The Colorado Campaign for Middle East Peace recently formed a working 
group on Palestine/Israel/U.S. issues.  There's also a new companion 
egroup you're all invited to join.

To subscribe, send a message to:  palestine-den-
subscribe@yahoogroups.com

This egroup averages about 1 post per day, much of it important news 
updates you won't find in our local press (or almost any U.S. press).

Below is a recently posted outstanding Robert Fisk article on the
mass-murderer Israel is about to elect as their top leader.


The legacy of Ariel Sharon
http://www.independent.co.uk/news/World/Middle_East/2001-
02/fisk060201.shtml

This is a place of filth and blood which will forever be associated 
with Ariel Sharon.

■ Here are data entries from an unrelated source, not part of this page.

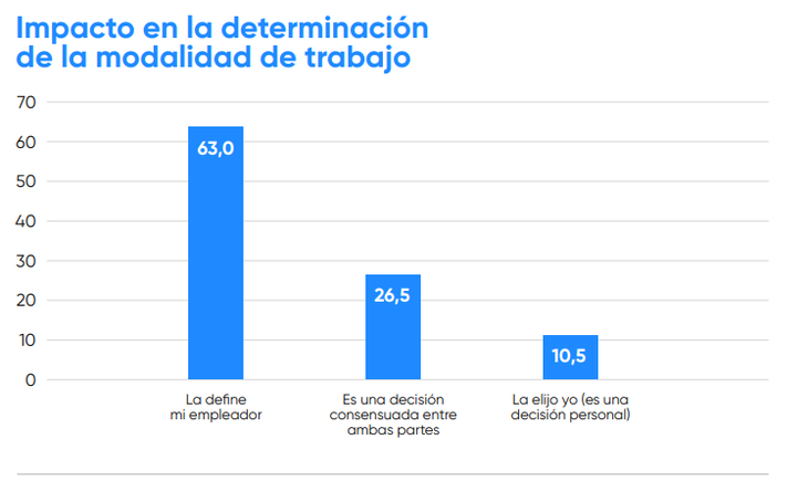 De hecho, según el relevamiento, hoy menos de un 30% trabaja de manera 100% presencial, mientras que solo un 7% lo hace de forma totalmente remota. El formato que predomina es el híbrido, con el 63,5% de los encuestados.
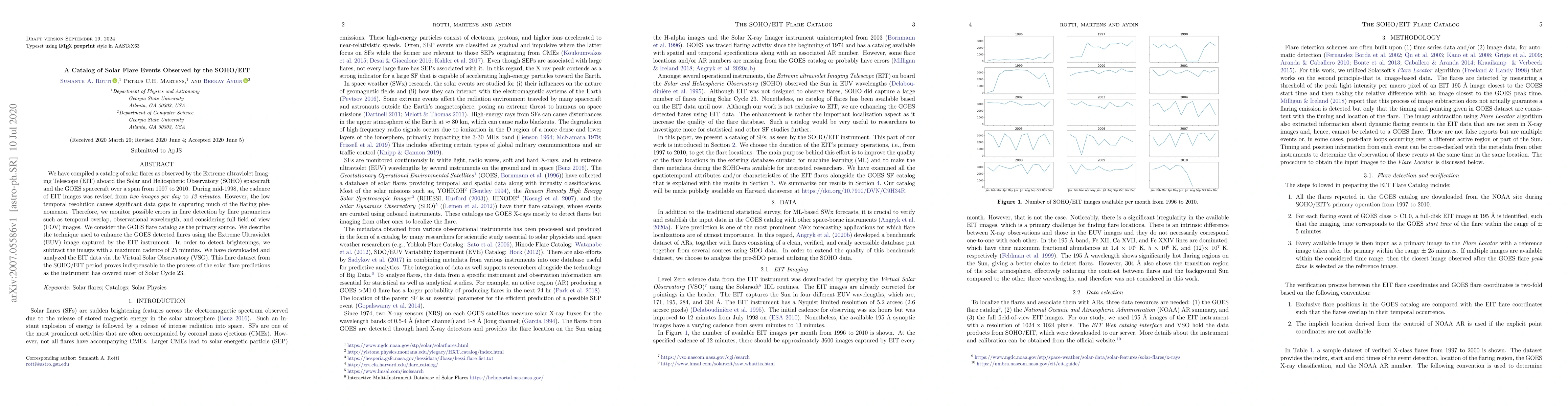 Development of a comprehensive SOHO/EIT flare catalog for predictive and exploratory analytics in flare prediction using machine learning, providing a valuable resource for the solar physics community.
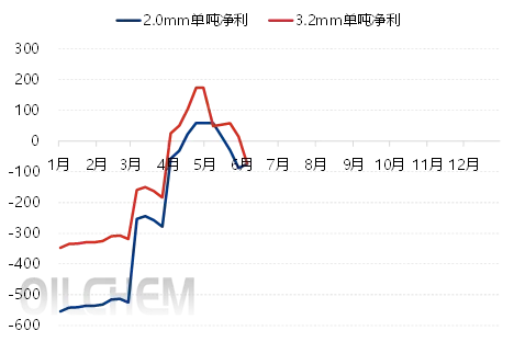 20252.0mm及3.2mm單噸光伏玻璃凈利走勢(元/噸)
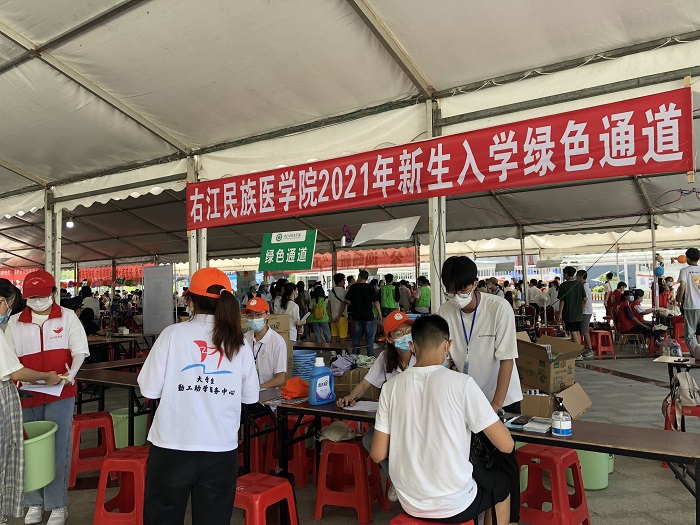 2021年9月11日,来自五湖四海的2021级新生相聚到BET体育365登录入口校园中。学校为积极贯彻落实党和国家的资助政策,“不让一个学生因家庭经济困难而失学”,在知新广场设立了“绿色通道”为2021级新生入学无忧保驾护航。
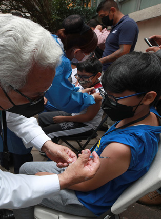 ▲ Desde temprana hora, padres de niños de 10 y 11 años formaron ayer filas en los 39 centros de vacunación en la Ciudad de México para inmunizar a sus hijos contra el covid-19. La inoculación continuará las próximas semanas hasta los menores de cinco años. Era común escuchar la frase
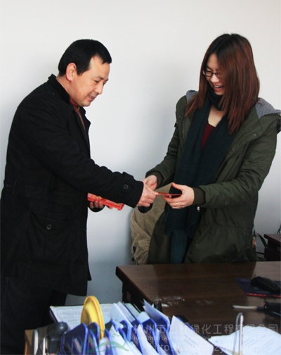 总经理张炎良向员工拜年并发放红包
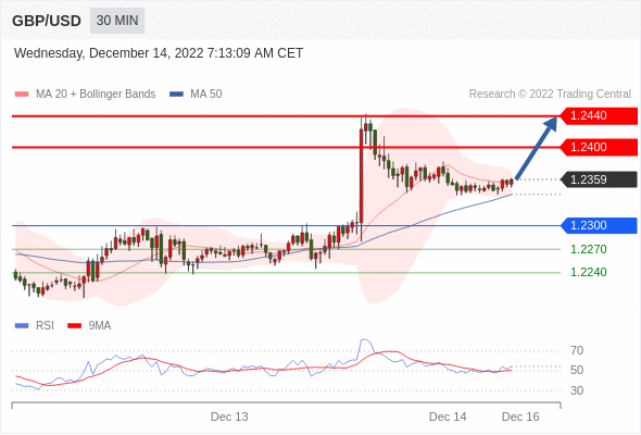 在 1.2300 之上,看涨,目标价位为 1.2400 ,然后为 1.2440 。

In Israel today, he may well be elected prime 
minister. Then he will be master of the most powerful nation in the 
Middle East; he will travel to America, he will visit the White House 
and shake hands with President George W Bush. But for everyone who 
stood in the Sabra and Chatila refugee camps in Beirut on 18  
September 1982, his name is synonymous with butchery; with bloated 
corpses and disembowelled women and dead babies, with rape and 
pillage and murder...

By Robert Fisk

6 February 2001

Even when I walk these fetid streets today, more than 18 years after 
what was - by Israel's own definition of that much-misused phrase - 
the worst single act of terrorism in modern Middle East history, the 
ghosts haunt me still. Over there, on the side of the road leading to 
the Sabra mosque, lay Mr Nouri, 90 years old, grey-bearded, in 
pyjamas with a small woollen hat still on his head and a stick by his 
side. I found him on a pile of garbage, on his back, fly-encrusted 
eyes staring at the blazing sun. Just up the lane, I came across two 
women sitting upright with their brains blown out, next to a cooking 
pot and a dead horse. One of the women appeared to have had her 
stomach slit open. A few metres away, I discovered the first babies,
already black with decomposition, scattered across the road like 
rubbish.

Yes, those of us who got into Sabra and Chatila before the murderers 
left have our memories. The flies racing between the reeking bodies 
and our faces, between dried blood and reporter's notebook, the hands 
of watches still ticking on dead wrists. I clambered up a rampart of 
earth - an abandoned bulldozer stood guiltily nearby - only to find, 
once I was atop the mound, that it swayed beneath me. And I looked 
down to find faces, elbows, mouths, a woman's legs protruding through 
the soil. I had to hold on to these body parts to climb down the 
other side. Then there was the pretty girl, her head surrounded by a 
halo of clothes pegs, her blood still running from a hole in her 
back. We had burst into the yard of her home, desperate to avoid the 
Israeli-uniformed militiamen who still roamed the camp; coming
in by back door, we had found her body as the murderers left by the 
front door.

And as I walked through the carnage on 18 September - the last day of 
the three-day massacre - with Loren Jenkins of The Washington Post, a 
fierce, tough, Colorado reporter, I remember how he stopped in shock 
and disgust. And then, with as much energy as his lungs could summon 
in the sweet, foul air, he shouted, "SHARON!" so loudly that the name 
echoed off the crumpled walls above the bodies. "He's responsible for 
this fucking mess," Jenkins roared. And that, just over four months 
later - in more diplomatic words and in a report in which the 
murderers were called "soldiers" - was what the Israeli commission of 
enquiry decided. Sharon, who was minister of defence, bore "personal 
responsibility", the Kahan commission stated, and recommended his 
removal from office. Sharon resigned. 

And so today, in this fetid, awful place, where Lebanese Muslim 
militiamen were - three years later - to kill hundreds more 
Palestinians in a war which produced no official inquiries, where 
scarcely 20 per cent of the survivors still live, where brown mud and 
rubbish now covers the mass grave of 600 of the 1982 victims, the 
Palestinians wait to see if their tormentor will hold the highest 
office in the state of Israel. 

"Ariel Sharon was responsible," a well-dressed young man shouted at 
us from an apartment balcony yesterday morning. And who could 
disagree? Israel had invaded Lebanon on 6 June 1982 with a plan - 
known to Sharon but not vouch safed to his Likud prime minister, 
Menachem Begin - to advance all the way to Beirut and surround Yasser 
Arafat's Palestine Liberation Organisation guerrillas in the Lebanese 
capital. Officially named "Operation Peace for Galilee" (the real 
Israeli military codename was "Snowball"), the invasion was 
supposedly a response to PLO rocket attacks across the Israeli border.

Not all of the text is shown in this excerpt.